┌──

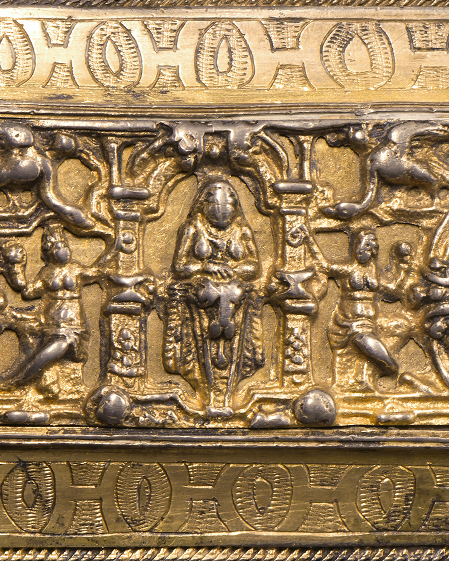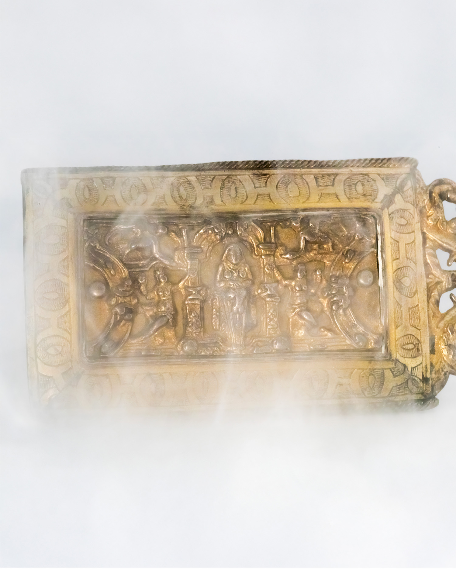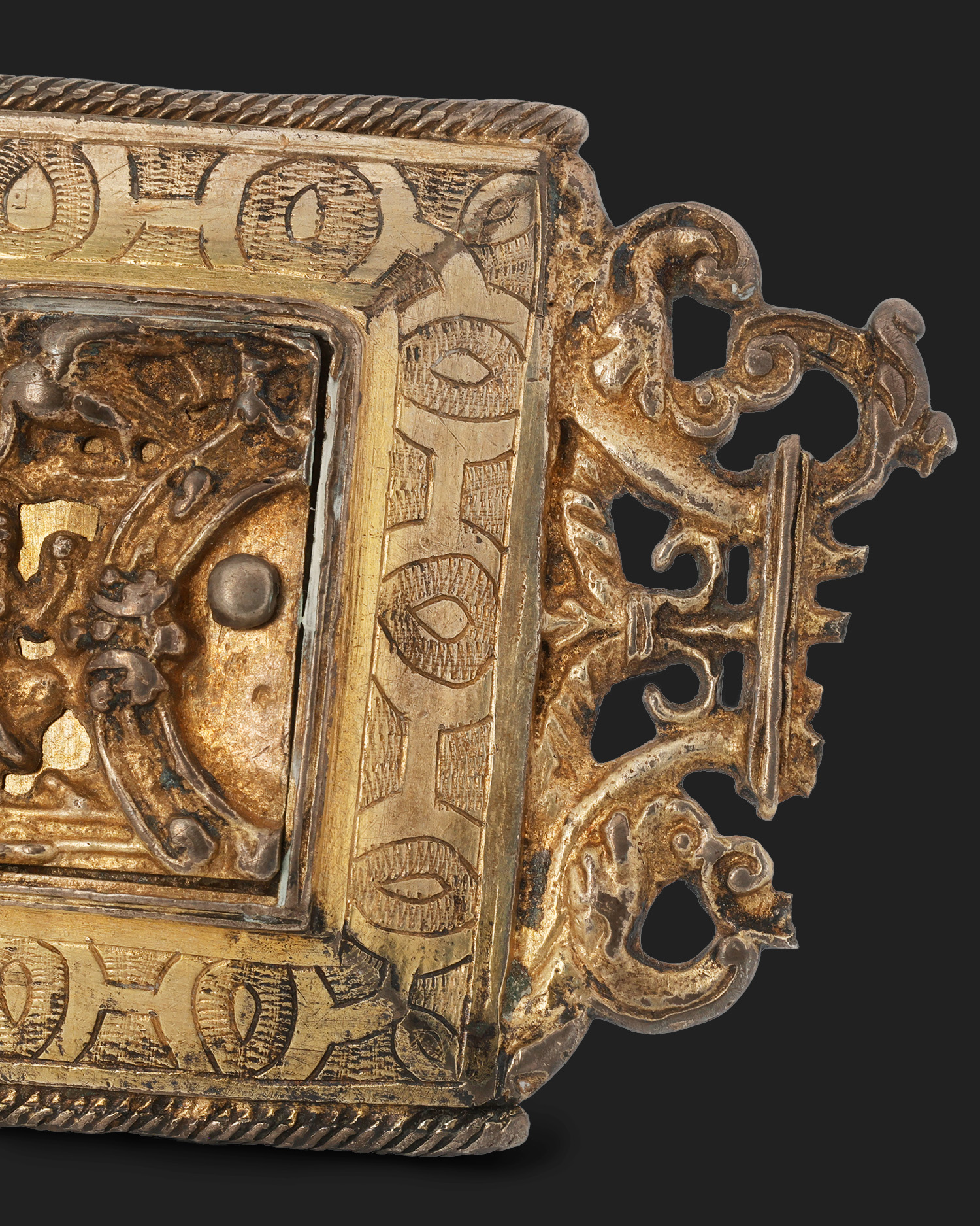 Klamra wyróżnia się połączeniem trzech różnych sposobów zdobienia zastosowanych na niewielkiej powierzchni: reliefowej sceny, rytowanego wzoru na skośnych bokach oraz ażurowego “języczka”. Na powierzchni widoczne są ślady cyzelowania, czyli ręcznego dopracowania detalu po odlewie, a także pozostałości złocenia, które nadawało klamrze luksusowy charakter.
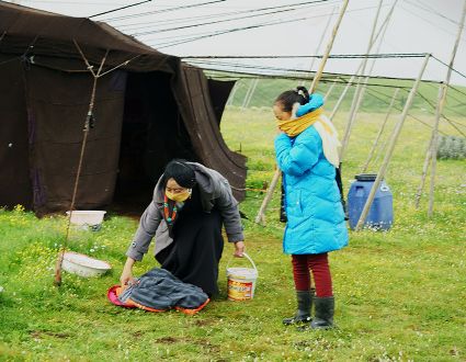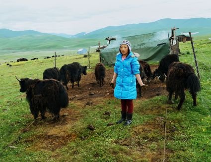 達(dá)珍和她的丈夫是我州爐霍縣宗塔草原上普通的牧民,育有一對(duì)兒女,都在縣上讀書,小兒子上小學(xué),大女兒讀初中,放暑假,11歲的女兒回到了牧場(chǎng),幫助阿爸、阿媽放牧。女兒的到來(lái),讓達(dá)珍家每一天都充滿了歡笑,7月中旬的一天,筆者來(lái)到了這里,用像機(jī)記錄了達(dá)珍的一個(gè)早晨,那是一個(gè)朝霞滿天的開始?!?郭昌平 攝影報(bào)道
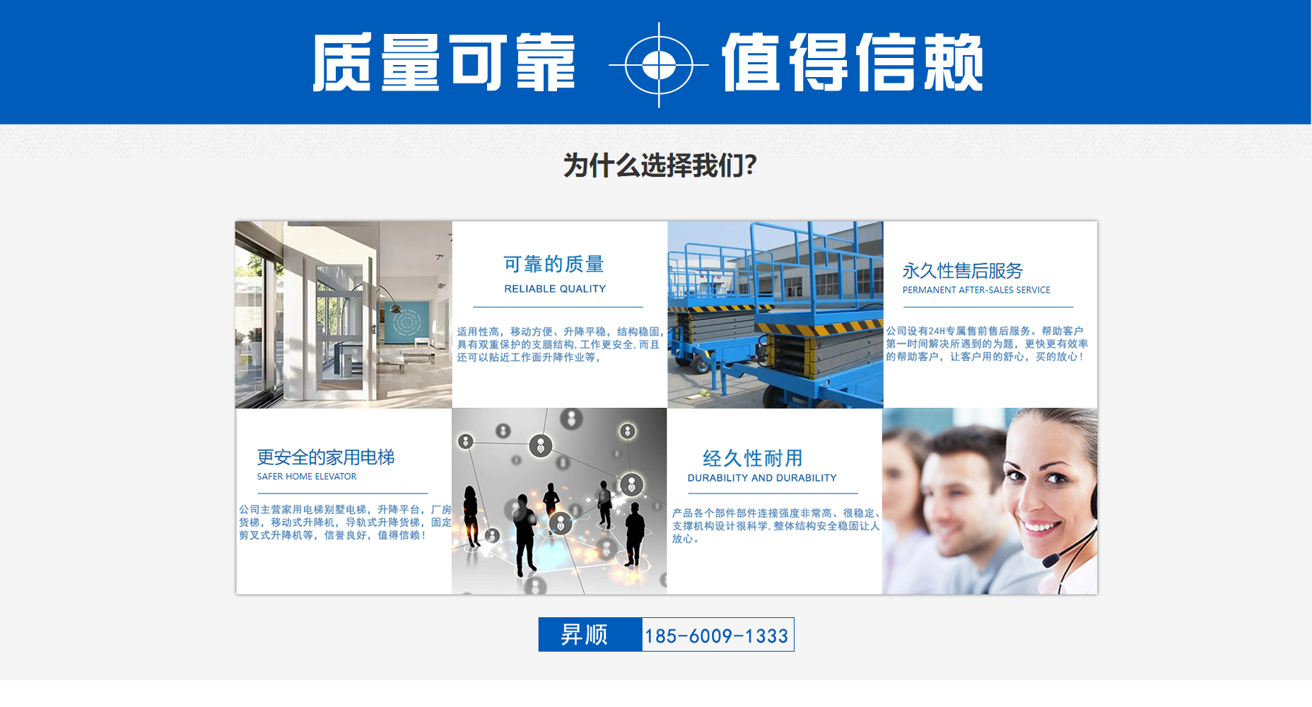 山東昇順液壓升降機械有限公司是一家主營家用電梯,別墅電梯,升降平臺,廠房貨梯,移動式升降機,導軌式升降貨梯,固定剪叉式升降機等產品企業,質量可靠,值得信賴?! ∮脩糁辽希杂脩魹橹行摹笔枪居肋h堅持的服務宗旨,贏得用戶的贊許是我們的榮譽,及時滿足用戶的需求,是我們公司的愿望。長期以來,公司員工以優質的服務,取悅于用戶,以誠信的言行取信于用戶,得到了用戶們的好評。我們期待著與您更加愉快的合作!公司的發展,離不開社會的大力支持,在社會的支持和幫助下,我們正昂首闊步邁向未來! 我們的經營方針是:以質量求生存,以產品求發展,以信譽保合作,以服務贏客戶?! ”竟緦Ξa品質量和各項服務恪守合同承諾,并愿與新老客戶精誠合作,共創未來?! 」揪瘢簞撔率侵黝},超越是不懈的追求。 公司宗旨:信譽保證,誠信為本?! ∥覀儠院侠淼膬r格,良好的信譽,雄厚的實力,優質的產品,最周到的服務,服務于廣大新老客戶!...
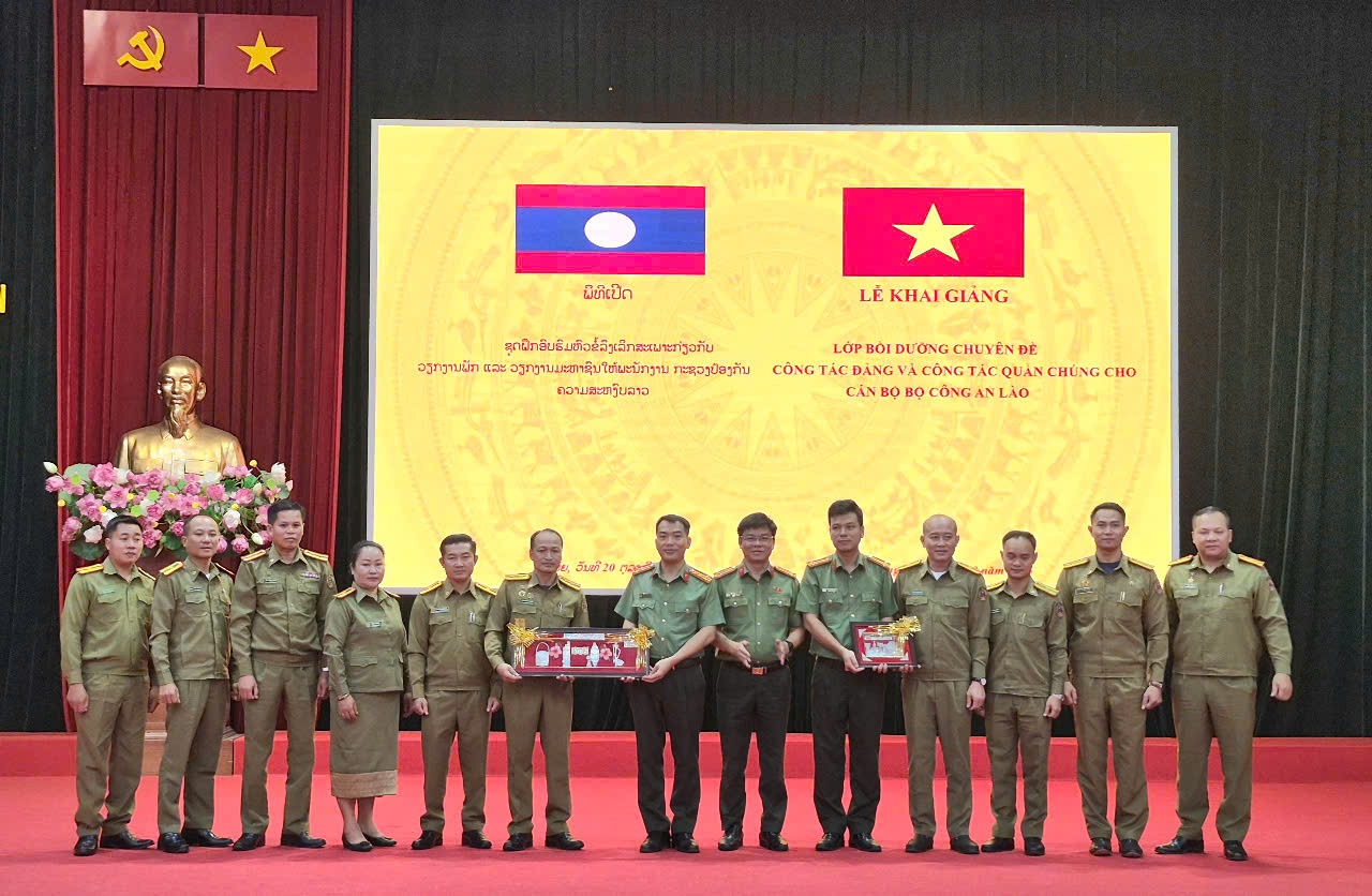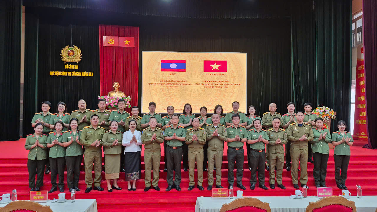 Thực hiện Kế hoạch hợp tác giữa Bộ Công an Việt Nam với Bộ Công an Lào, ngày 20/10/2025, Học viện Chính trị CAND tổ chức Lễ Khai giảng lớp bồi dưỡng chuyên đề công tác Đảng, công tác quần chúng dành cho cán bộ Bộ Công an nước Cộng hòa Dân chủ Nhân dân Lào. Đồng chí TS, Đại tá Nguyễn Văn Tuấn, Ủy viên Ban Thường vụ Đảng ủy, Phó Giám đốc Học viện chủ trì buổi Lễ. Dự Lễ Khai giảng có đồng chí Đại tá Khon - sỉ Nao - va - lạt, Trưởng Cơ quan đại diện Bộ Công an Lào tại Việt Nam và phu nhân, đại diện lãnh đạo đơn vị chức năng thuộc Học viện và toàn thể học viên lớp bồi dưỡng.

└──

Omit the pictures, then repeat exactly each line from the beginning of the listing through the line with "達(dá)珍和她的丈夫是我州".

 Klamra wyróżnia się połączeniem trzech różnych sposobów zdobienia zastosowanych na niewielkiej powierzchni: reliefowej sceny, rytowanego wzoru na skośnych bokach oraz ażurowego “języczka”. Na powierzchni widoczne są ślady cyzelowania, czyli ręcznego dopracowania detalu po odlewie, a także pozostałości złocenia, które nadawało klamrze luksusowy charakter.
 達(dá)珍和她的丈夫是我州爐霍縣宗塔草原上普通的牧民,育有一對(duì)兒女,都在縣上讀書,小兒子上小學(xué),大女兒讀初中,放暑假,11歲的女兒回到了牧場(chǎng),幫助阿爸、阿媽放牧。女兒的到來(lái),讓達(dá)珍家每一天都充滿了歡笑,7月中旬的一天,筆者來(lái)到了這里,用像機(jī)記錄了達(dá)珍的一個(gè)早晨,那是一個(gè)朝霞滿天的開始?!?郭昌平 攝影報(bào)道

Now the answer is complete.